■ REQUIRED WORK ■
Each line of the material must be repeated precisely, with the pictures left out.

■ INFORMATION SHOWN ■
··········

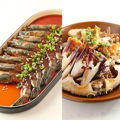 【カンジャンケジャン】新鮮な生のワタリガニを特製醤油ダレに漬け込み、旨味を引き出した絶品料理♪/【カンジャン海老】プリプリのエビを濃厚な醤油で漬け込んだ、癖になる旨さ。エビの食感と風味が絶妙にマッチし、ご飯が進む一品◎
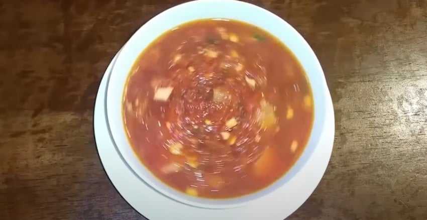 Если все хорошо, то отправляйте кастрюлю в холодильник для охлаждения. Через 3 часа суп охладится и станет невероятно вкусен. Подавать его можно просто так, или заранее отварите яйца вкрутую, разрежьте их на две половинки и выложите в тарелку.
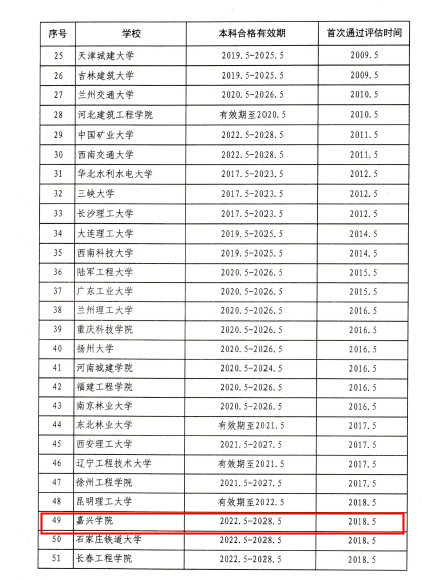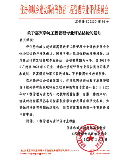 2023年2月8日,住房城乡建设部高等教育工程管理专业评估委员会公布了《关于嘉兴学院工程管理专业评估结论的通知》(工管评〔2023〕第01号),黄色网 工程管理专业自2018年6月首次通过住建部组织的专业评估(认证)后再次通过了专业评估(认证),合格有效期为6年。通过专业评估(认证)意味着黄色网 工程管理专业的人才培养质量得到了行业的认可,对黄色网 工程管理专业人才培养与国际接轨、提升教育质量和专业影响力具有重要意义。

··········

■ FINAL ANSWER ■
 【カンジャンケジャン】新鮮な生のワタリガニを特製醤油ダレに漬け込み、旨味を引き出した絶品料理♪/【カンジャン海老】プリプリのエビを濃厚な醤油で漬け込んだ、癖になる旨さ。エビの食感と風味が絶妙にマッチし、ご飯が進む一品◎
 Если все хорошо, то отправляйте кастрюлю в холодильник для охлаждения. Через 3 часа суп охладится и станет невероятно вкусен. Подавать его можно просто так, или заранее отварите яйца вкрутую, разрежьте их на две половинки и выложите в тарелку.
 2023年2月8日,住房城乡建设部高等教育工程管理专业评估委员会公布了《关于嘉兴学院工程管理专业评估结论的通知》(工管评〔2023〕第01号),黄色网 工程管理专业自2018年6月首次通过住建部组织的专业评估(认证)后再次通过了专业评估(认证),合格有效期为6年。通过专业评估(认证)意味着黄色网 工程管理专业的人才培养质量得到了行业的认可,对黄色网 工程管理专业人才培养与国际接轨、提升教育质量和专业影响力具有重要意义。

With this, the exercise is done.